Beyond the philanthropy, MAC believes that the Viva Glam program brings new customers to the brand. Equally, or even more important, is the relationship of the Viva Glam MAC AIDS campaign to the makeup artist/sales associates who are the engine of the brand in its 2,365 global retail outlets that reportedly enjoy the highest retention rate in the industry. A winning proposition for all concerned, especially the Estée Lauder Companies, which purchased the balance of MAC in 1998 and continue to stand strongly behind the MAC AIDS Fund. Under Lauder stewardship, MAC has reportedly grown to over $1 billion in sales.

Eyeglasses For All Who Want and Need Them

Other companies have adopted a singular stance that places a charitable component at the center of the brand. Like Toms, optical retailer Warby Parker promises, “for every pair purchased a pair is distributed to someone in need.” Founded in 2010 by Wharton graduate students, Neil Blumenthal and David Gilboa, now co-CEOs, with the mission of selling affordable, fashionable eyeglasses and being a socially responsible business, Warby Parker had distributed one million pair of glasses to people in need by June 2014. The company’s “buy a pair, give a pair” program tallies the total number of glasses sold each month and donates a proportionate amount to a not for profit partner like Vision Spring which in turn trains local entrepreneurs to provide eye exams and sell affordable glasses. This model attempts to avoid a “culture of dependency” by creating both productivity and sustainability. Warby Parker’s well-integrated social responsibility program is not the only measure of the five year old company’s rapid success — it was valued at $1.2 billion after its most recent round of funding in April 2015 — but it is one that distinguishes the company, and is an essential part of its brand signature. Every pair of glasses shipped includes a thank you card: “Thanks so much for choosing Warby Parker!” on one side, “for every pair of glasses sold, a pair is distributed to someone in need,” on the reverse.

Soap Sells Self Esteem

There are other notable examples of successful and well-integrated corporate socially responsible, philanthropic programs like Dove’s Campaign for Real Beauty. Started in 2004 in response to research showing that only two percent of women saw themselves as beautiful, Dove has a “vision of a world where beauty is a source of confidence, and not anxiety.” The Dove Self Esteem Fund partners with organizations like the Girl Scouts to build self-esteem among tween and teen girls with a goal of reaching 15 million girls this year.

What Works What Doesn’t

The most successful corporate philanthropic campaigns share several similarities. They are simple, to the point and well focused. While Toms is ever expanding its product categories and causes to go with them (Mycoskie has promised a new product/giving category every year) the One for One theme is a constant. The relationship to the brand is always clear and always well communicated. MAC’s Viva Glam campaign may change celebrity spokespeople, but the message and the cause are constant. Warby Parker’s philanthropy is all about giving glasses, the only product it sells. Other notable ingredients are leadership’s commitment to the program, longevity and sustainability. Here today, gone tomorrow efforts can do some good in the short run, but may not do much for a company’s brand distinction, its charitable or corporate purpose or its bottom line.
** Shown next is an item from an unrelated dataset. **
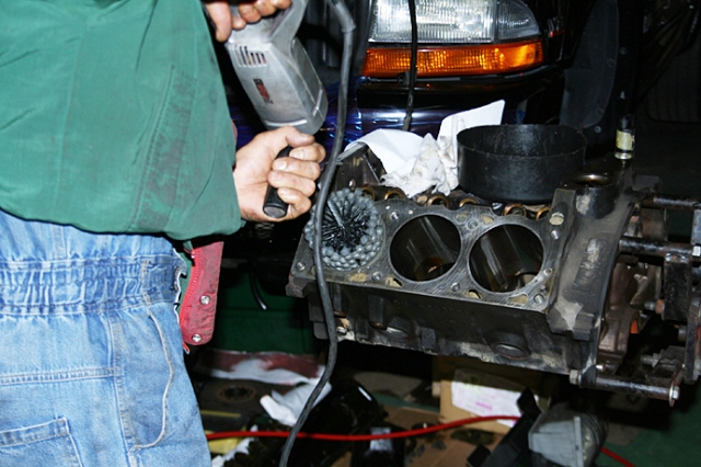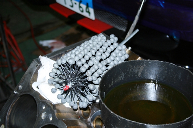 電気ドリルに組み合わされたフレックスホーンを回転させながら、シリンダー内を上下させ押したり引いたり。そうやることで、シリンダー内にクロスハッチが付き、それを丁寧に確認しながら全6本のシリンダー内の作業を終える。

To be successful at social responsibility you need to be committed, be in it for the long haul, stay focused on the mission, have some connection between the product and the philanthropic effort, and let customers know what you are doing. While the Talmud says the penultimate level of Tzdakah (Hebrew for charity and righteousness) is anonymous giving, I think for companies and brands not so. Done well, corporate philanthropy can enhance your brand and do a lot of good. Done without commitment, connection, focus, good communications and sustainability, corporate giving is just that, a gift.